31 March 2013. Drumbo ON. and Hamilton ON. I started the day with a teenager-delivery-run, taking our Chilean exchange student to visit a New Zealander friend who is staying some 90 Km. from here. The friend lives on a quiet country road in the heart of Canada’s best dairy farm country, indeed her hosts operate a large and rolling farm where the cows are milked by North America’s first robotic milking system. (Really! As you read this chances are that one of their cows is stepping forward to be milked by a machine; and there’s not a person within a hundred yards!) Having spent some time working on a diary farm I can imagine some of the advantages, I never could find a lot of bucolic calm (or charm) squashed between the flanks of cud-chewing, half-ton manure makers.
Farm country means wide-open spaces and long straight roads, so my expectation of interesting bird life wasn’t very high and in any case there was still plenty of snow around and I was supposed to be driving, not birding. But I’m always looking and the drive produced some nice sightings: a fleeting Horned Lark, a male Northern Harrier plunging for prey unknown, hundreds of Tundra Swans gleening spilled corn from the fields surrounding a large ice-rimmed pond and a couple of Northern Pintails and some Mallards in that same pond.
Delivery complete, I hurried home in time to take a turn at the Bald Eagle watch.
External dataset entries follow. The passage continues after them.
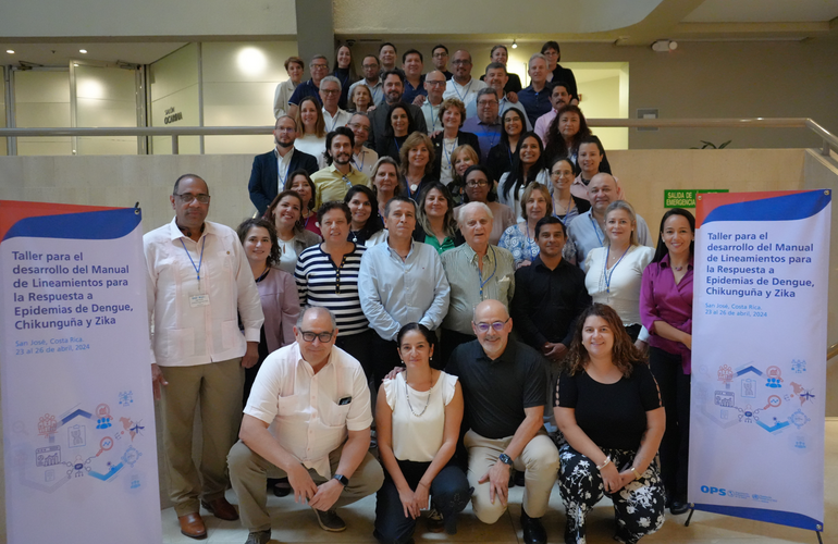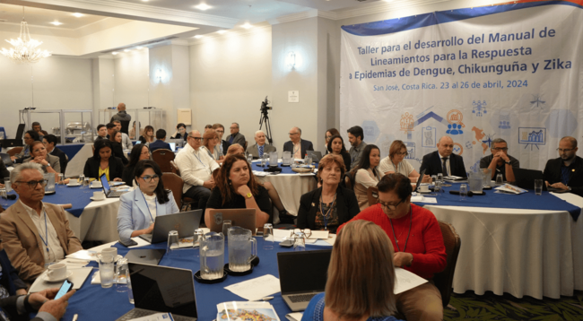 San José, 8 de mayo de 2024 (OPS/OMS). Del 23 al 26 de abril se llevó a cabo en San José el Taller Regional para el Desarrollo del Manual de Lineamientos para la Respuesta a Epidemias de Dengue, Zika y Chikunguña, con la participación de 50 profesionales representantes de los Ministerios de Salud de 15 países de la Región de las Américas, además de funcionarios de la Organización Panamericana de la Salud (OPS), la Organización Mundial de la Salud (OMS) y los Centros para el Control y la Prevención de Enfermedades (CDC).
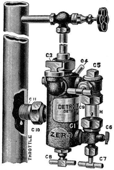 Two injectors are furnished with this engine, and the use of the injector is recommended, contrary to the general belief that a pump is more economical. The company contends that the long exhaust pipe causes more back pressure on the cylinder than would be represented by the saving of heat in the heater. However, a cross-head pump and special condensing heater will be furnished if desired.
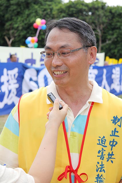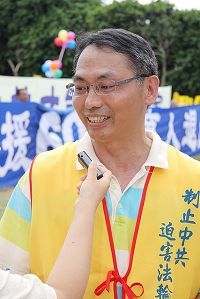 住在集會地點不遠處的吳先生,在得知這個聲援大會的消息後,早趕到會場,他說,兩年多前聲援二千萬退黨遊行在新竹舉行時,那是他第一次知道大批的中國民眾以這樣和平理性的方式與共產邪黨決裂。從那時起,他開始上網關注中國民眾三退及法輪功被迫害等相關議題。
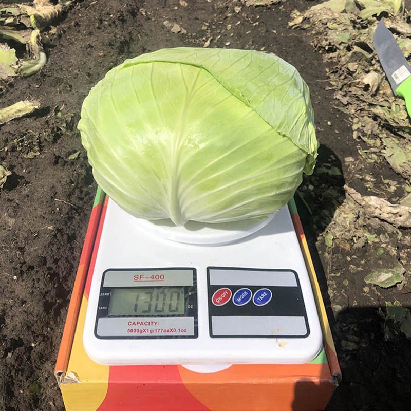 Характеристика плодів – Головки вагою 2-3 кг у залежності від густоти стояння, зеленого кольору, округло-приплюснуті, високої щільності, красивого товарного вигляду. Головки формуються вирівняні, довго стоять у полі, не розтріскуються. Високі смакові якості.
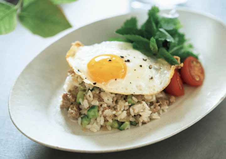豚ひき肉とみじん切りの玉ねぎを炒めて塩、オイスターソース、ナンプラー、しょうゆで調味したらボウルに移し、ごはんと細かく切ったきゅうりのピクルスと和える。器に盛り、目玉焼きをのせる。
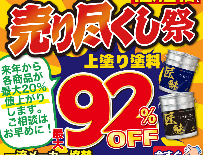 秋が深まり、外壁や屋根の劣化が気になり始める季節になりました。 「そろそろ塗装を考えたいけど、費用が心配…」 「どこに相談すればよいのか迷っている」 そんな方へ、お得なご案内です。 プロタイムズ宇都宮店・鶴田店では、年内最後の大イベントとなる「売り尽くしセール」を開催しています。 メーカー協賛の特別割引により、人気塗料が最大92%OFFとなる、大変お得なキャンペーンです! 最大92%OFF!数量限定のスペシャル価格 今回の売り尽くしセールでは、以下の人気塗料・住宅設備を数量限定の特別価格にてご提供いたします! ■ 人気の外壁塗料が92%OFF! プレミアムシリコン(エスケー化研) / スーパーラジカルシリコン(アステックペイント) 通常11.6万円(税抜き)が92%OFFで、なんと0.35万円(税抜き)でご提供♪   ■ 遮熱塗料シェアNo.1のアステックペイントの屋根塗料が81%OFF! スーパーシャネツサーモSi(アステックペイント) 通常9.5万円 (税抜き)が81%OFFで、なんと 1.8万円(税抜き)でご提供♪   ■ 高耐久ハイブリット無機塗料の外壁塗料が74%OFF! グランセラトップ 1液水性(日本ペイント) 通常26.3万円(税抜き)が74%OFFで、なんと 6.8万円(税抜き)でご提供♪   ■ トイレが60%OFF(本体)! トイレ(INAX アメージュ便器+KAシリーズ) 通常25.4万円(税抜き)が60%OFFで、なんと10.2万円(税抜き)でご提供♪ これらの割引はメーカー協賛があってこそ実現した内容ですので、数量限定・先着順でのご案内となります! ハウスメーカー住宅にお住まいの方は「お見積り特典」あり! 今回のセールでは、ハウスメーカー住宅にお住まいの方限定で、うれしい特典をご用意しています。 【ご来店+お見積り特典】 5,000円分の商品券をプレゼント! 対象ハウスメーカー例: 積水ハウス ダイワハウス ヘーベルハウス 住友林業 ミサワホーム ・・・etc. まずは状態だけ知りたい方も大歓迎です! お気軽にご相談下さい☺ 無料の建物診断で現状をしっかりチェック プロの建物診断が無料で受けられます。 ドローン撮影で屋根の状態を安全に確認 外壁のひび割れや防水劣化を丁寧にチェック 写真付き報告書で分かりやすくご説明 「本当に今塗装が必要か」を見極めるためにも、診断だけでもお気軽にご利用ください。 塗装工事は“一生のお付き合い”。施工品質にこだわります 外壁や屋根の塗装は、ただ色を塗るだけではありません。 下地処理、ひび割れ補修、防水作業など、住まいの寿命を左右する重要な工程があります。 当店では、施工管理スタッフが工程ごとに品質チェックを実施し、完工後は詳細な写真付きの施工完了報告書でご報告いたします。 また日々のご報告は、【塗り替え交換日記】でやり取り! 些細なことでもご不安点を解消するべく、精一杯取り組ませていただいています。 「安心して任せられる塗装店」を目指し、長くお付き合いできる体制を整えています。 人気の通常プランも充実しています 高耐候フッ素プラン 無機塗料プラン 遮熱+高耐久プラン シリコン標準プラン デザイン性重視の多彩仕上げ ご希望とご予算に合わせて最適なプランをご提案いたします。 外壁・屋根以外のリフォーム相談もできます 今回のセールでは、住宅全般のリフォーム相談も承っています! トイレ交換 浴室リフォーム キッチン入れ替え クロス張り替え 雨樋交換 外構工事 他にも住まいの気になることは、何でもお気軽にご相談ください。 施工事例も多数掲載中 宇都宮市・鹿沼市・さくら市を中心に、多くの外壁塗装・屋根塗装工事を手がけています。 ハウスメーカー住宅の施工実績も豊富で、外壁材に応じた最適な施工が可能です。 ご来店の際には、施工事例の写真もあわせてご紹介いたします。 まとめ:今年最後の大チャンス!まずはお気軽にご相談ください 今回の売り尽くしセールは、年内最大級の内容となっております。 人気商品が最大92%OFFの特別割引! お見積り特典!ハウスメーカー住宅限定商品券5,000円 塗装のベストタイミングは、建物の状態によって異なります。 まずは無料診断だけでもお気軽にお問い合わせください。 皆さまのご来店を心よりお待ちしております!
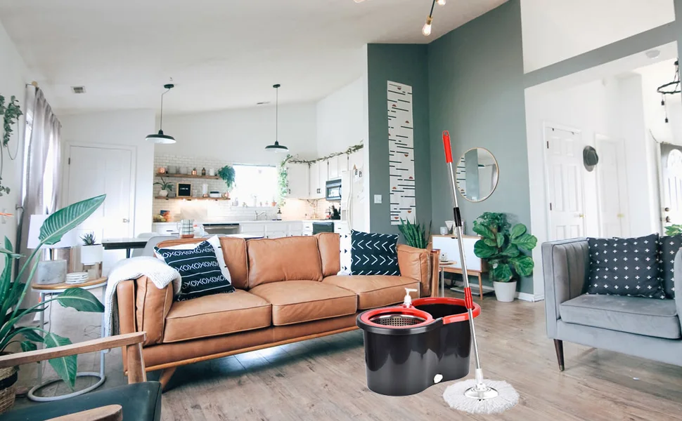 - Our spinning mop bucket with plug, convenient drainage, and a non-slip mat at the bottom of the bucket. And the mop handle with hanging holes, which do not take up space.
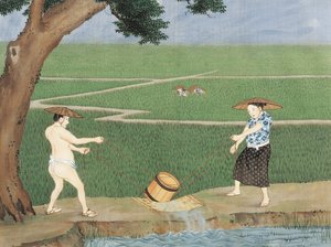 Deshiman saari Nagasakin lahdella laivoineen Vasco da Gama ja Johanna..., noin 1825.(The island of Deshima in the bay of Nagasaki with the ships Vasco da Gama and Johanna..., ca 1825. )Keiga Kawahara |
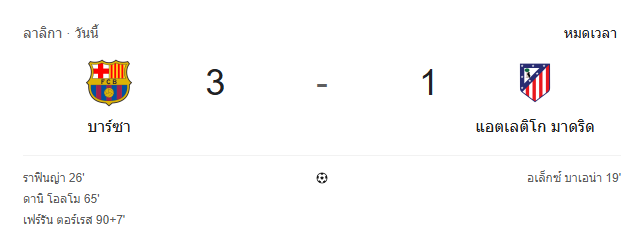 - นาทีที่ 98: หมดเวลา บาร์เซโลนาเปิดบ้านชนะแอตเลติโก มาดริด 3-1
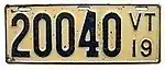 1919 | Embossed blue serial on off-white plate with border line; "VT 19" at right | none | 12345 | 1 to approximately 26700 | |
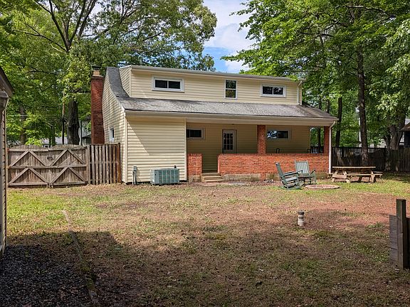 BEST OF EVERYTHING: 4/5BR Cape on double lot that backs to woods and just steps from water access. Fully fenced w/2 porches. Renovated kitchen, stainless steel appliances and ceramic tile. Updated bathrooms. Large master bedroom. Beautiful hardwood floors throughout first floor and 2 upper bedrooms. Large living room with beautiful wood burning fireplace. Detached single car garage/workshop. Large driveway - room for boat/RV. Pets allowed on case by case basis. Pets on case-by-case basis.
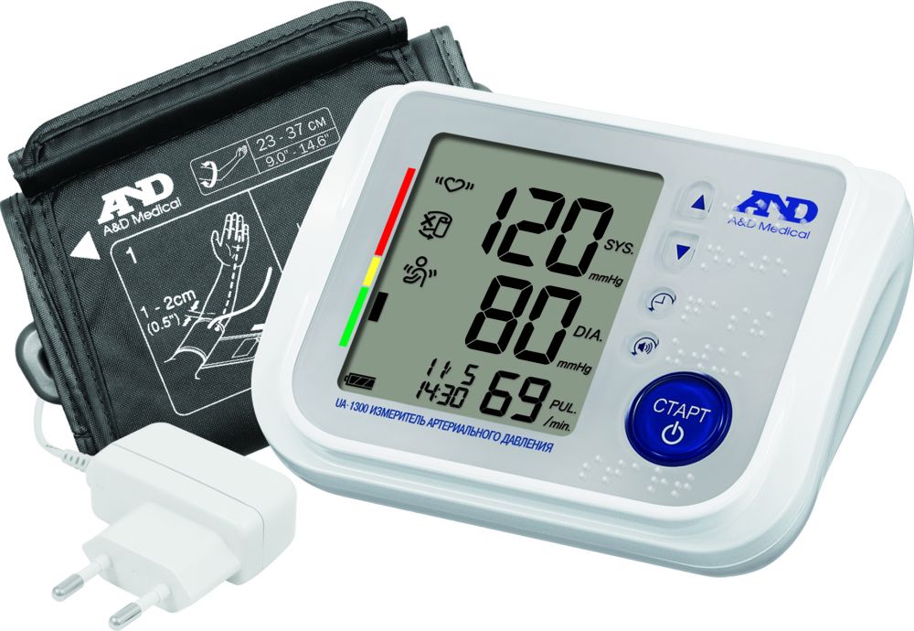 Автоматический тонометр AND (Эй энд Ди) UA-1300 с голосовым помощником, шрифтом Брайля, с крупным дисплеем, интеллектуальным управлением, сетевым адаптером, стандартной манжетой 23–37 см для средней и полной руки и чехлом для хранения.
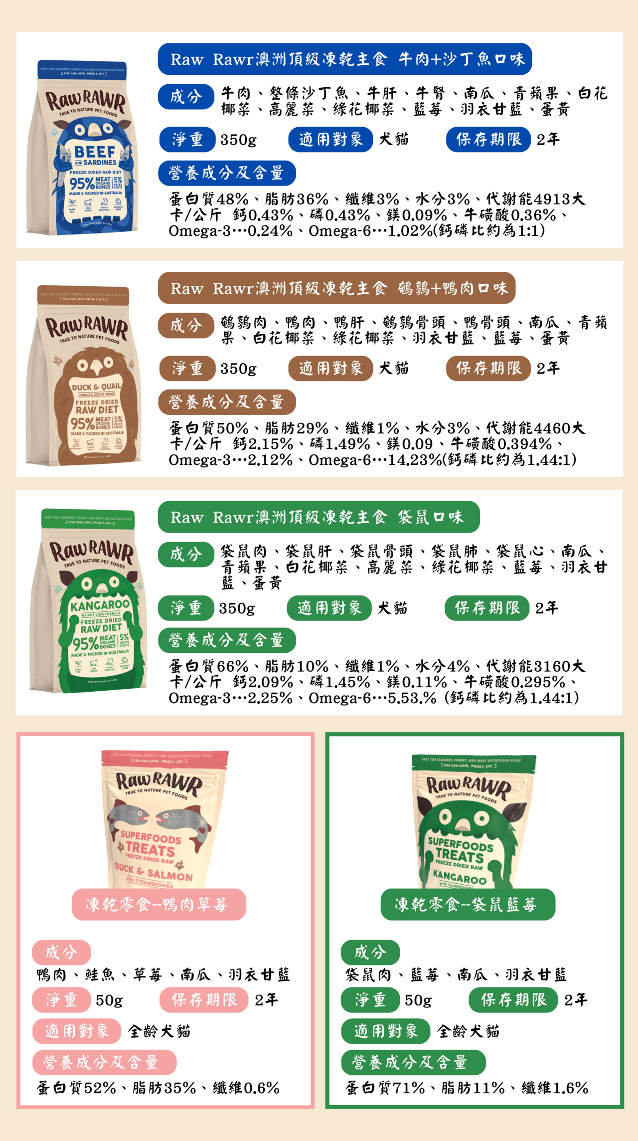 Raw RAWR凍乾零食-鴨肉鮭魚草莓
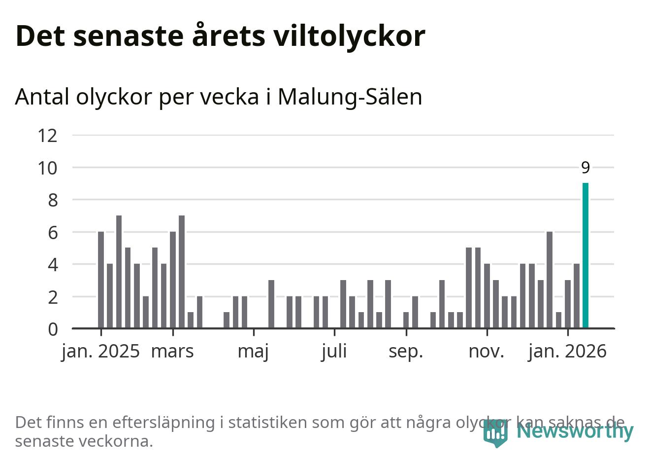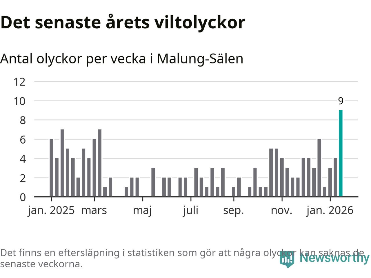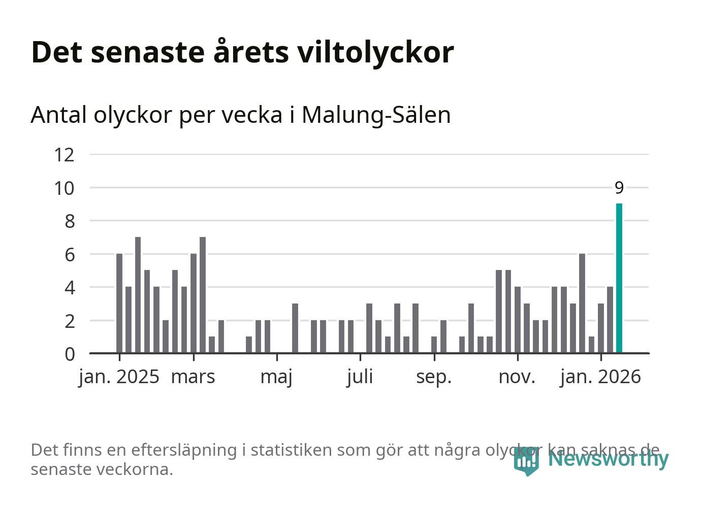 Hittills har nio viltolyckor rapporterats in i Malung-Sälens kommun från vecka 4. Det är en av de högsta siffrorna för en enskild vecka på över tio år.

It was interesting enough on its own, but a pair of American Widgeon puddling around on some nearby mudflats were rather engaging and a constant stream of northbound migrant Turkey Vultures dotted the spring sky. The parent eagles became quite agitated about an immature, perhaps a two-year-old, Bald Eagle that appeared high overhead. It turned into quite a mini-drama when the intruder hung around far too long and far too close, and after some deliberate circling and maneuvering, like dogs greeting each other uncertainly, it was driven off by one of the parent birds.
Many of today’s birds had me drawing breath sharply in appreciation, but Bird of the Day among this liberal sprinkling of happy sightings was an unexpected Cooper’s Hawk that came sailing through and soared in tight circles low overhead. It was just nice of it to allow us the time to assess its size and profile, enough to separate it from its smaller lookalike the Sharp-shinned Hawk.